Probe No. 3 ist hübsch anzuschauen. Es scheint eine dreifarbige Mischung aus sehr hellem Virginia, Burley und Black Cavendish zu sein, die Tabake sind wie bei vielen "modernen" aromatisierten Tabaken scheinbar gerissen. Das ergibt ein flockiges Aussehen des Tabaks, fachlich "Wild Cut" genannt. Das Auge soll schließlich mitrauchen. Die Geruchsprobe ergibt eine deutliche (ebenfalls moderne) Kombiaromatisierung, die mich an Waldbeeren und Honig erinnert. Der Tabak ist schon etwas trocken. In der Pfeife entsteht ein voll aromatischer Duft, der recht angenehm ist. Gerade anfangs ist daneben nicht viel anderes zu vernehmen, auch die ohne Filter gerauchte zweite Füllung ergibt nur wenig Tabakduft, wobei die Aromatisierung meiner Ansicht nach ganz ordentlich ist. Die Qualität ist besser als manche Pöschl-Tabake. Der Abbrand ist ebenfalls gut, ich hatte nur geringe Kondensatbildung. Die Stärke des Tabaks würde ich als leicht bis sehr leicht einschätzen.

Fazit:
Ein mittelmäßiger, durchaus rauchbarer Tabak, der mir zu leicht ist. Die Raumnote ist lecker und dürfte die Umwelt begeistern. Also ein Tabak, der auf der momentanen Aromawelle schwimmt, was sich auch im Schnitt zeigt. Besser als Holger Frickert in seinem Katalog kann man es nicht ausdrücken: "Herrlich mild, herrlich leicht - volles Aroma, volles Vergnügen", wobei ich nicht mehr zu denen gehöre, die diesen Satz auch so sehen.


Frank Nicolai

Beim ersten Öffnen des Beutels ahnte ich bereits Schreckliches.
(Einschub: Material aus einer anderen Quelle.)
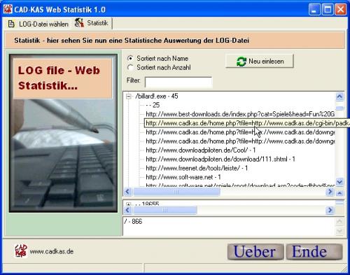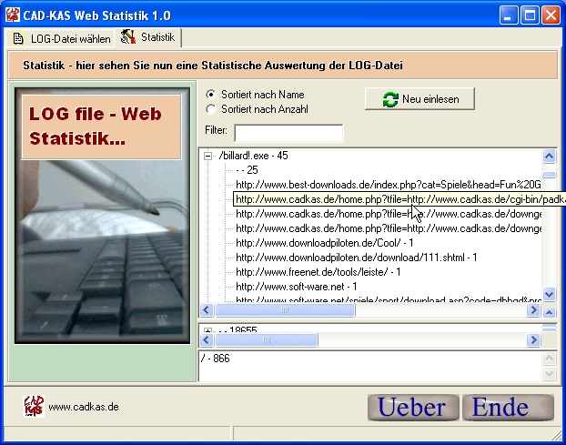 Sie wollen wissen wer auf Ihre Seite linkt, bzw. woher die Besucher Ihrer Seite kommen und auf welche Datei genau der Link führt bzw. welche Dateien von welcher Seite aus heruntergeladen werden? Dies ist kein Problem, denn diese Informationen stehen in den Log Dateien, die Ihr Webserver anlegt. Allerdings erfahren Sie dies leider in den meisten einfachen Statistikfunktionen, die Ihnen z.B. Ihr Provider zur Verfügung stellt nicht. Hier finden Sie nur die man häufigsten angeforderten Dateien und die Seiten von dehnen die meisten Besucher kamen, aber diese Informationen werden nicht miteinander verknüpft! Wenn Sie also z.B. als Shareware Autor wissen wollen von welchen Archiven die Downloads Ihres neuen Programms nun genau kommen, sollten Sie sich dieses Programm ansehen. So finden Sie heraus, ob sich eine Marketingaktion auf einer Archivseite gelohnt hat. Sie sehen wieviel Prozent der Download von dieser Seite kamen und damit wieviel Prozent der Bestellungen. So können Sie einschätzen, ob sich die Werbe-Ausgabe rentiert hat.

Da war er wieder: dieser "Geruch", der von Herstellern oft als Karamell verkauft wird und mir Ekel erzeugt... Planta? Pöschl? Dagegen kommt weder das ansprechende Tabaksbild noch das möglicherweise gute Abbrandverhalten an... Dem Tabak ist aufgrund dieser übermäßigen Aromatisierung nicht mehr anzusehen, was er mal war. Ob es sich um VA oder BC oder um Kastanienblätter handelt... wer weiß das schon? Ich jedenfalls nicht. Meine schnuppernde Nase zog sich beleidigt zurück. Und ich habe Tage dazu benötigt, mich selbst zu überreden, diesen Tabak in eine Pfeife zu stopfen. Nun hab ich es getan. Mit dem Erfolg, dass ich die erste Noträumung meines Lebens durchführen musste; zweitens meiner Pfeife einer Großreinigung unterziehen und drittens meine Geschmacksnerven mit Kaffee und Tabak beruhigen muss. "Pfui Deibel!" würde ich sagen, wenn ich nicht so gut erzogen wäre.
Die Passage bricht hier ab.